The Harris County Appraisal District commented on proposed §9.4264(h) as follows: "We feel the property owners should not have to pay a fee for withdrawn arbitrations. With the increasing number of arbitrations in Harris County, we have seen this process turn into a lucrative business for some arbitrators. With payment on the line, many are eager to get the date in the books as quickly as possible and not be willing to work with property owners in changing the date so that their fee is secure. If anything, they should only receive payment for their time spent on the process which should be very negligible. Another suggestion is to change the window from fourteen days to thirty days. A change in this rule could make some big leaps on getting us all working together on scheduling."

In responding to these comments from the group of 35 arbitrators, 6 individual arbitrators, and the Harris County Appraisal District, the agency revised proposed §9.4264(h).
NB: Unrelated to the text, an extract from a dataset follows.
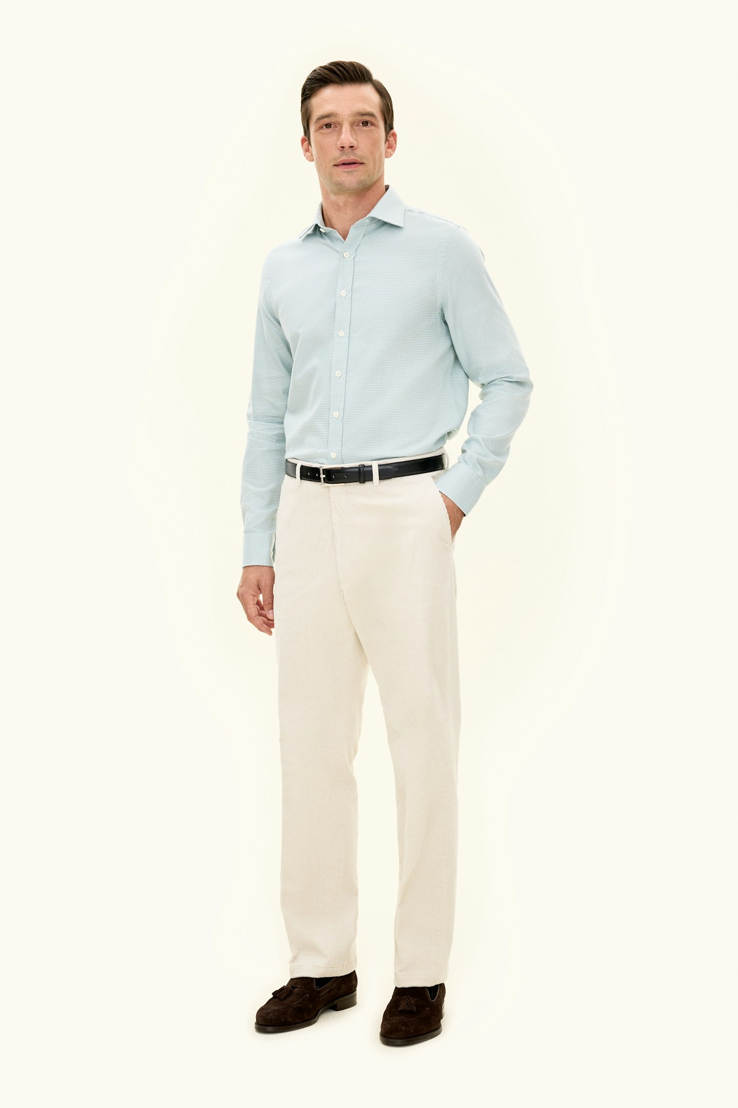 Slim fit skjorte i blød bomuldsflannel med cut away krave og enkelt manchet. En moderne klassiker, der blander afslappet elegance med hverdagslig raffinement.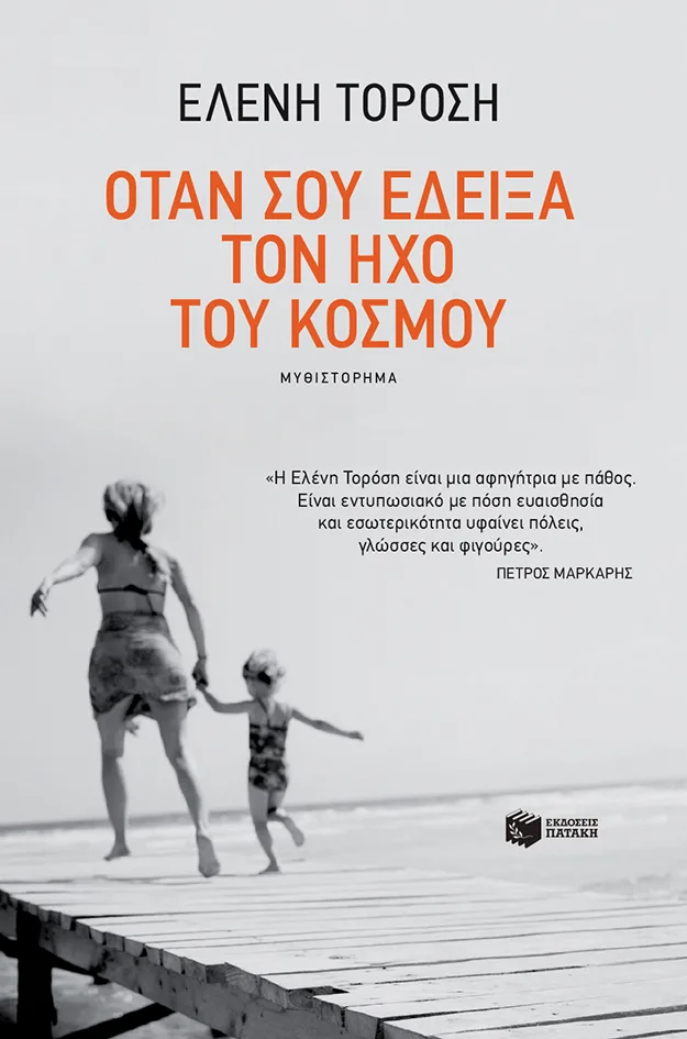 «Πώς νιώθει ένα παιδί και πώς το διαμορφώνει μια σχέση απόλυτης εξάρτησης; Αυτό είναι το θέμα της Ελένης Τορόση στο μυθιστόρημά της Όταν σου έδειξα τον ήχο του κόσμου, ένα βιβλίο βαθύ και συγκινητικό, το οποίο παράλληλα μιλάει και για τη σχέση Ελλήνων και Γερμανών, για ελπίδα και απογοήτευση. “Μια διπλή πατρίδα είναι πάντα κέρδος” λέει η Ελένη Τορόση. Και βέβαια μια αναβλύζουσα πηγή γεμάτη ιστορίες». Γιώργος Παππάς, ΕΡΤ

The agency notes first that under adopted §9.4255(c), property owners and agents now have 45 calendar days in which to settle their cases and receive a refund of the deposit less the $50 administrative fee. Arbitrators are not appointed to an arbitration until the expiration of this 45-day period under adopted §9.4255(c). As a result, adopted §9.4264(g) now provides that "[i]f the owner or agent does not notify the comptroller of the withdrawal of a request for arbitration in writing received before the expiration of the 45 calendar-day settlement period pursuant to §9.4255(c) of this title, the comptroller shall pay out of the deposit the fee, if any, charged by the arbitrator." Put another way, once an arbitrator accepts an appointment to a case, he or she is to be paid the arbitrator's fee in the event the request for arbitration subsequently is withdrawn.

These new sections are adopted under Tax Code, §41A.13 (Rules), which authorizes the comptroller to adopt rules necessary to implement and administer Tax Code, Chapter 41A governing the appeal of appraisal review board orders through binding arbitration.

These new sections implement Tax Code, §§41A.01(2), 41A.03(a)(2)(F), 41A.06(b)(2)(F), 41A.061(c)(2), 41A.07(a)(1) and (2), and 41A.07(e), (f), and (g), and 41A.13.